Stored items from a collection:
........
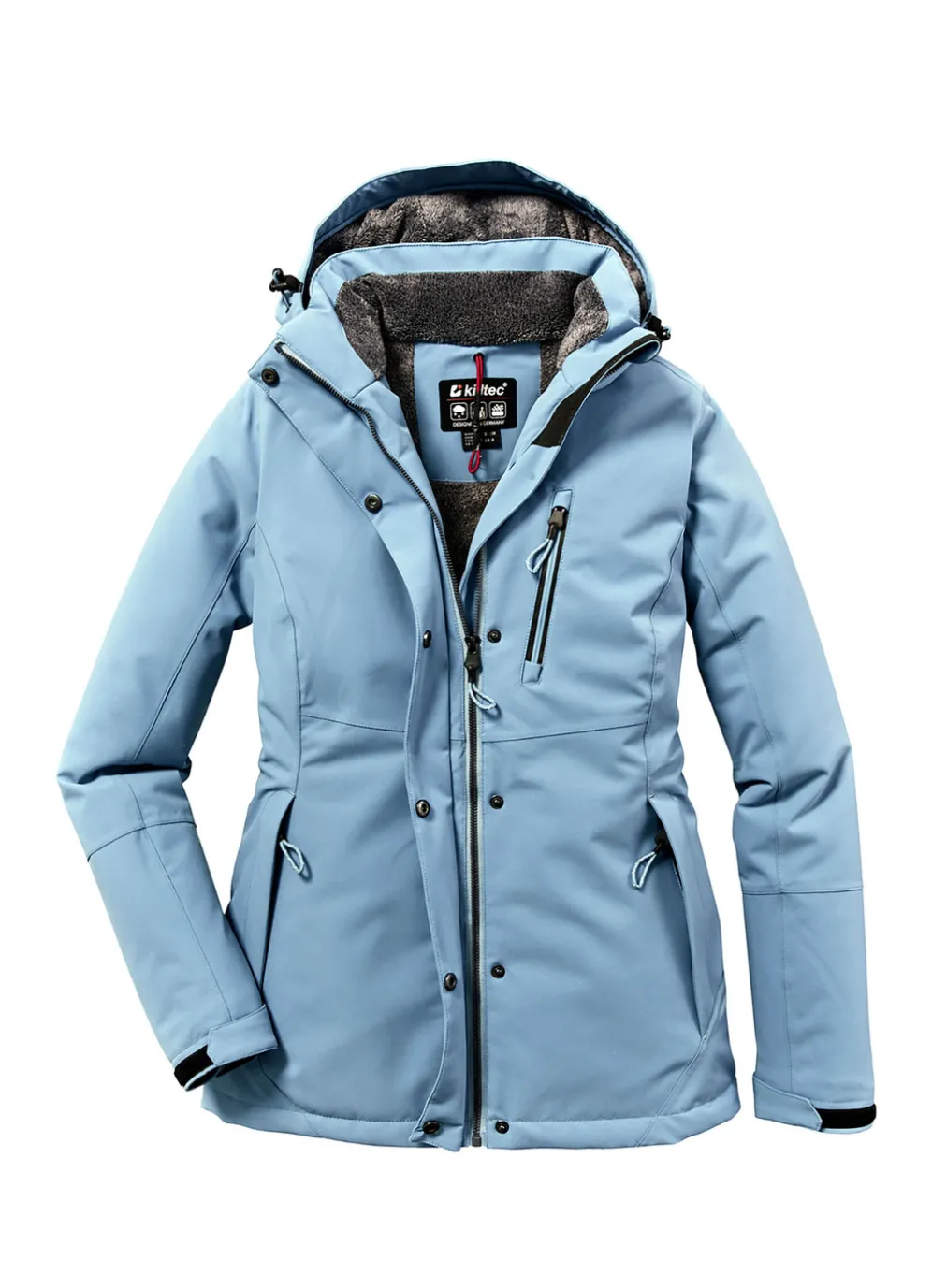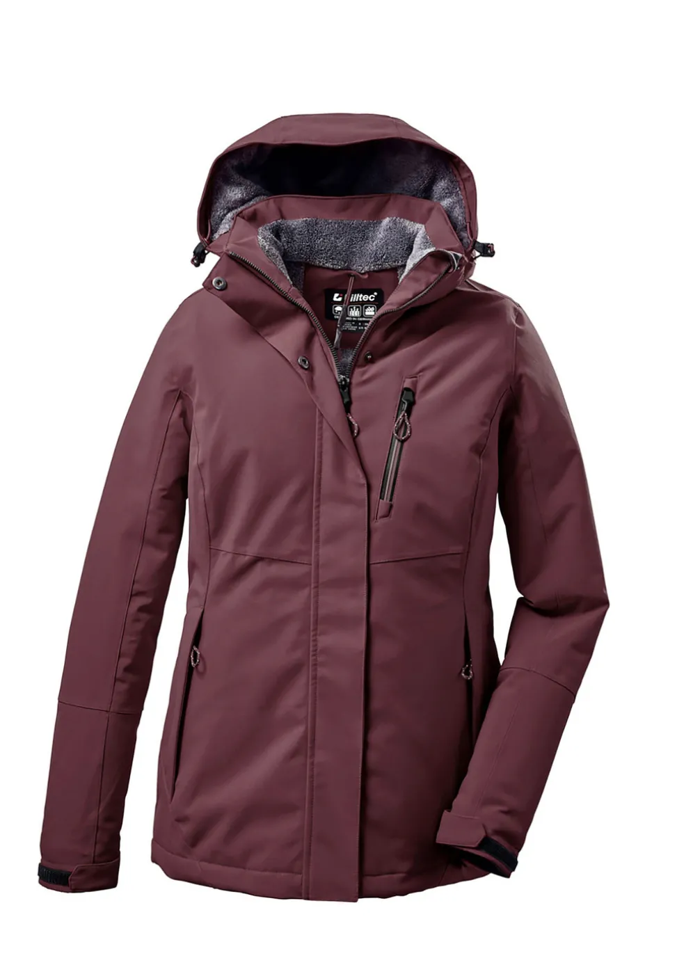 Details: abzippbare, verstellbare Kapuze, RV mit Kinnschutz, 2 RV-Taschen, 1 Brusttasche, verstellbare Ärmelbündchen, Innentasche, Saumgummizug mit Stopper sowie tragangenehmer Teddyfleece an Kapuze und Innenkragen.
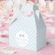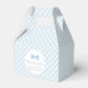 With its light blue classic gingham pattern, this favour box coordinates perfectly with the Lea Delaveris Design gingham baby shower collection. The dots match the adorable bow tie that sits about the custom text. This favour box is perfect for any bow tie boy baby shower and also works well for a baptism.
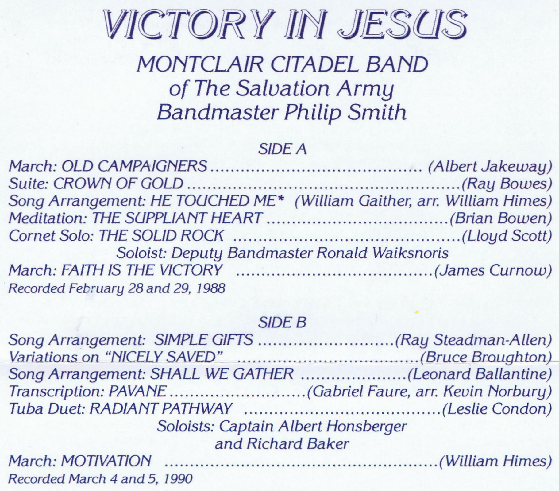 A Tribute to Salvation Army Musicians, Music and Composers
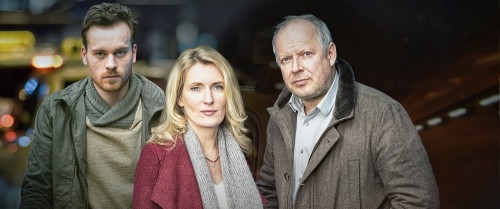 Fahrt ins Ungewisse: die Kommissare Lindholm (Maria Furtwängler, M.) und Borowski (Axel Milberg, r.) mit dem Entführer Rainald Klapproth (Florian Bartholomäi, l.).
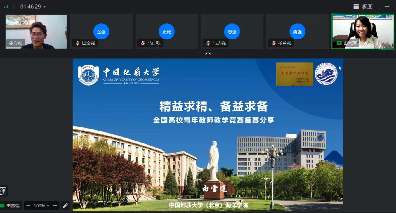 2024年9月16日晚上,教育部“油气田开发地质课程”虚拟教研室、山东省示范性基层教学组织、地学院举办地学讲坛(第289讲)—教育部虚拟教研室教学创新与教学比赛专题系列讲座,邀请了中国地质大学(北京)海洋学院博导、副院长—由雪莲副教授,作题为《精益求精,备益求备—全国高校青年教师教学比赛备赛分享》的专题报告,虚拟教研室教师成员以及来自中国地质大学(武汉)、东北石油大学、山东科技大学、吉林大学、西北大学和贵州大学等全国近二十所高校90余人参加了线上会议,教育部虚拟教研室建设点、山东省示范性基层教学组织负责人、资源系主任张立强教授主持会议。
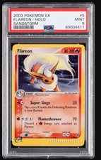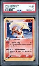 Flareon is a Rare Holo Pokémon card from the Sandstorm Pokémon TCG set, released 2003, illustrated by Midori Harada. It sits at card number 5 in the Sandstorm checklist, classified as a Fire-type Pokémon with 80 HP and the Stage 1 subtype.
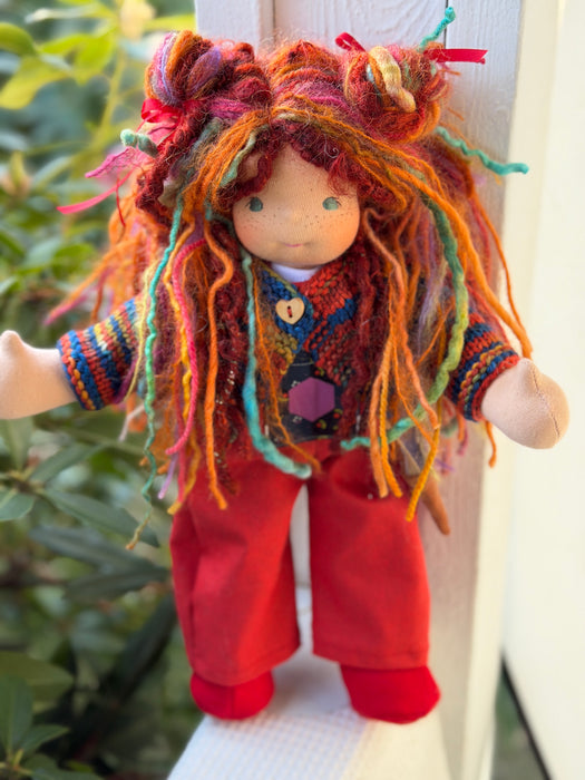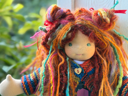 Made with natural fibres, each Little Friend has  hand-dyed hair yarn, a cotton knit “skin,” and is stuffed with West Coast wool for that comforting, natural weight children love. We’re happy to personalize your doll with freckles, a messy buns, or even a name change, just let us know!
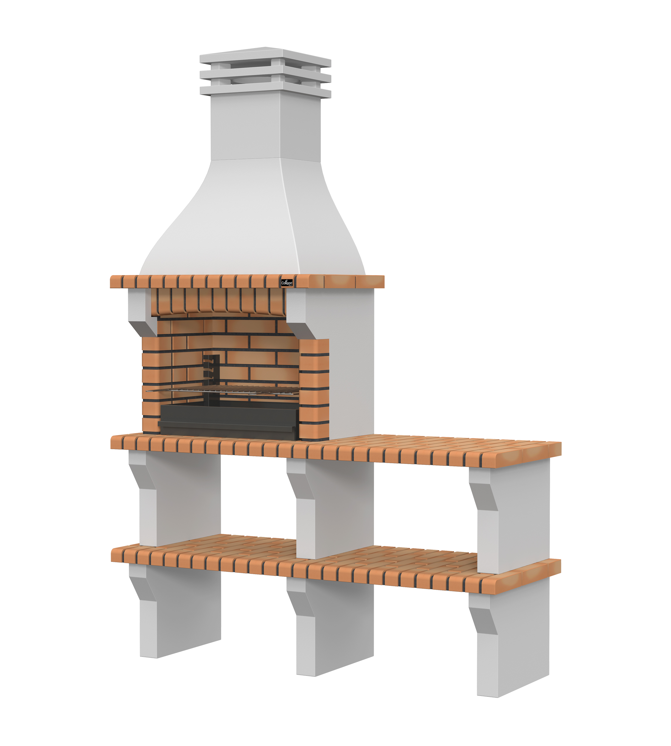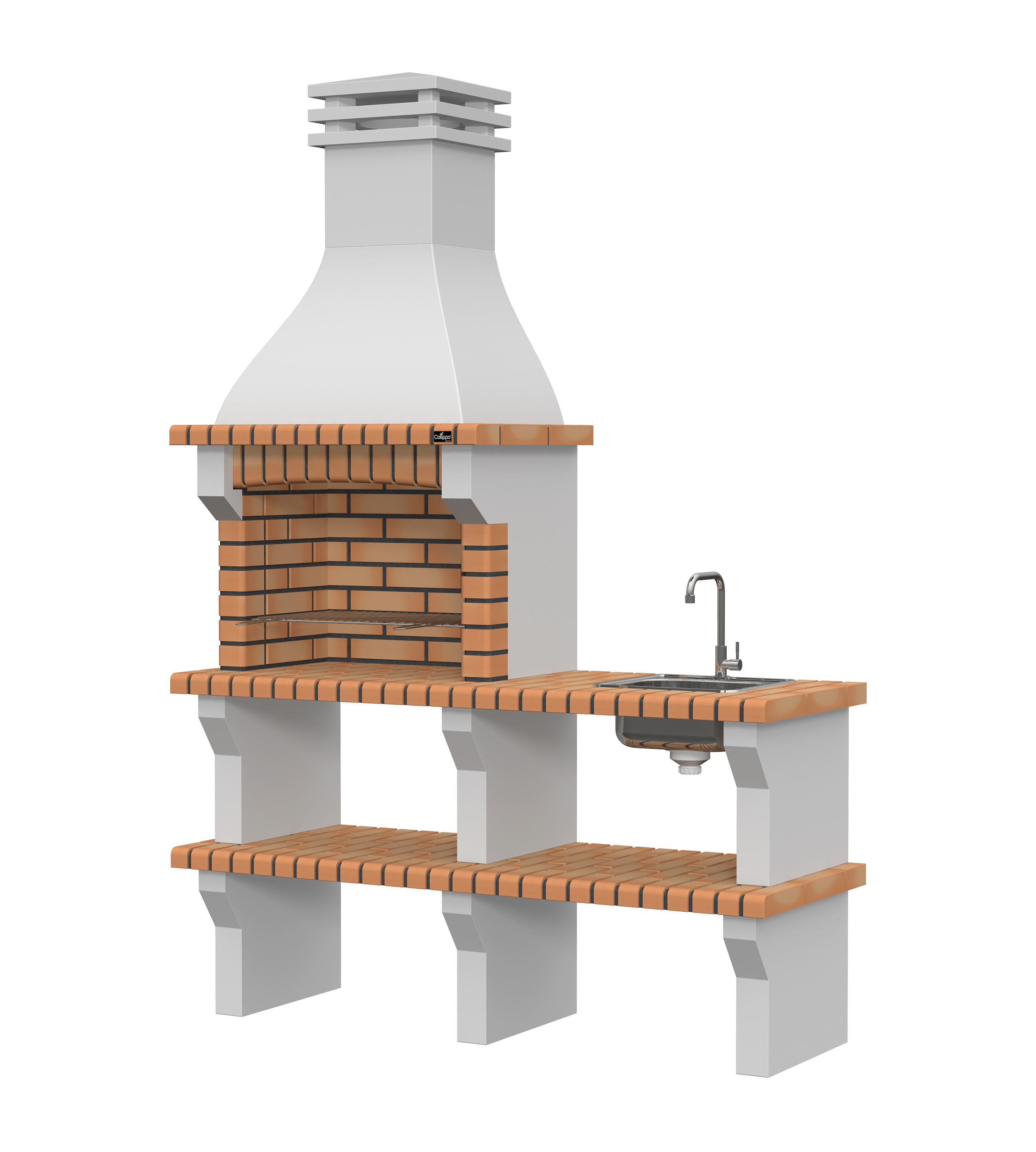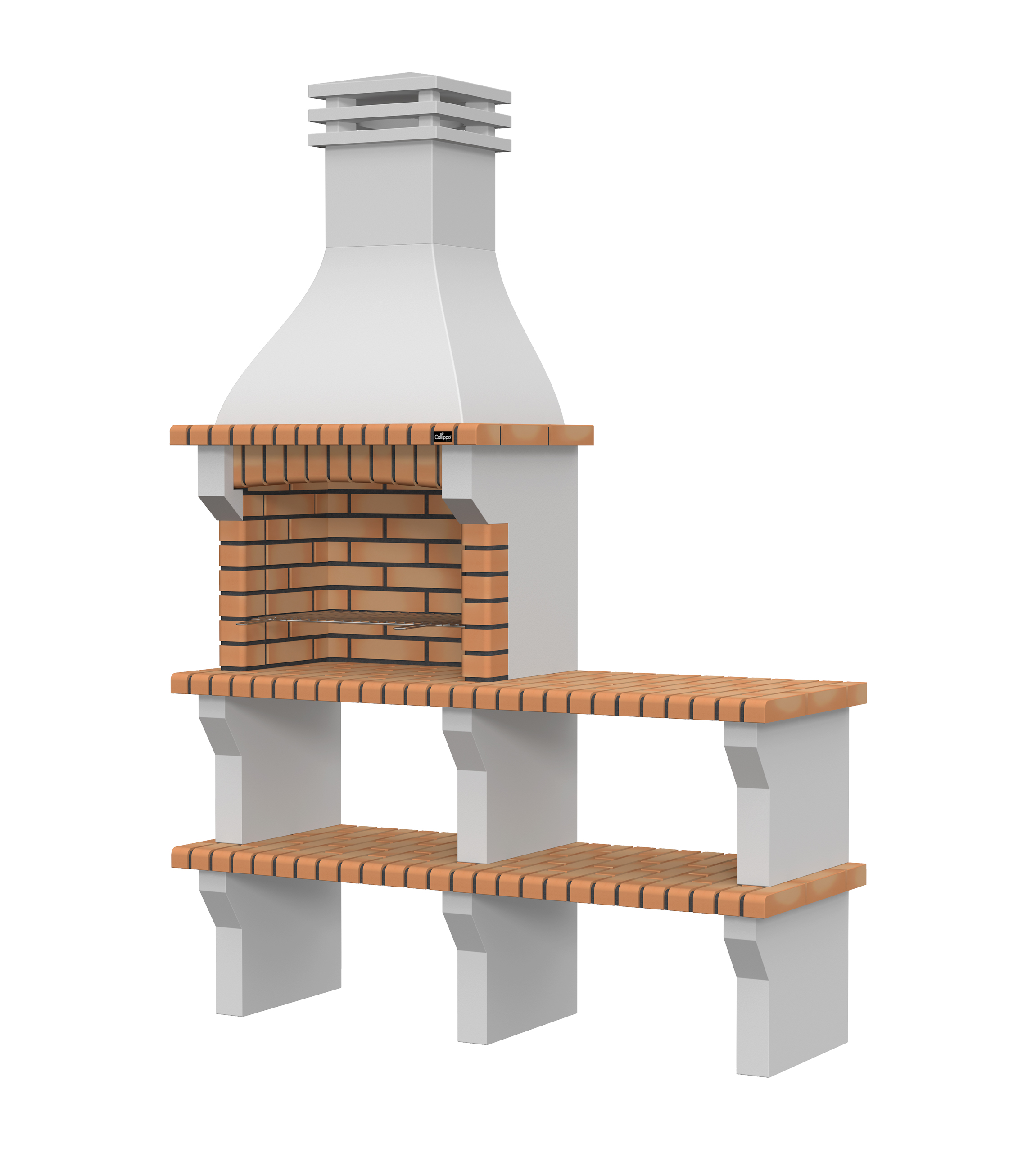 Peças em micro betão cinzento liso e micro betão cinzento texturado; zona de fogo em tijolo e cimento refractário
........
WORK REQUIRED —
All of the entries above need to be transcribed exactly, except for the pictures.

SOLUTION FOR THIS PROBLEM —
 Details: abzippbare, verstellbare Kapuze, RV mit Kinnschutz, 2 RV-Taschen, 1 Brusttasche, verstellbare Ärmelbündchen, Innentasche, Saumgummizug mit Stopper sowie tragangenehmer Teddyfleece an Kapuze und Innenkragen.
 With its light blue classic gingham pattern, this favour box coordinates perfectly with the Lea Delaveris Design gingham baby shower collection. The dots match the adorable bow tie that sits about the custom text. This favour box is perfect for any bow tie boy baby shower and also works well for a baptism.
 A Tribute to Salvation Army Musicians, Music and Composers
 Fahrt ins Ungewisse: die Kommissare Lindholm (Maria Furtwängler, M.) und Borowski (Axel Milberg, r.) mit dem Entführer Rainald Klapproth (Florian Bartholomäi, l.).
 2024年9月16日晚上,教育部“油气田开发地质课程”虚拟教研室、山东省示范性基层教学组织、地学院举办地学讲坛(第289讲)—教育部虚拟教研室教学创新与教学比赛专题系列讲座,邀请了中国地质大学(北京)海洋学院博导、副院长—由雪莲副教授,作题为《精益求精,备益求备—全国高校青年教师教学比赛备赛分享》的专题报告,虚拟教研室教师成员以及来自中国地质大学(武汉)、东北石油大学、山东科技大学、吉林大学、西北大学和贵州大学等全国近二十所高校90余人参加了线上会议,教育部虚拟教研室建设点、山东省示范性基层教学组织负责人、资源系主任张立强教授主持会议。
 Flareon is a Rare Holo Pokémon card from the Sandstorm Pokémon TCG set, released 2003, illustrated by Midori Harada. It sits at card number 5 in the Sandstorm checklist, classified as a Fire-type Pokémon with 80 HP and the Stage 1 subtype.
 Made with natural fibres, each Little Friend has  hand-dyed hair yarn, a cotton knit “skin,” and is stuffed with West Coast wool for that comforting, natural weight children love. We’re happy to personalize your doll with freckles, a messy buns, or even a name change, just let us know!
 Peças em micro betão cinzento liso e micro betão cinzento texturado; zona de fogo em tijolo e cimento refractário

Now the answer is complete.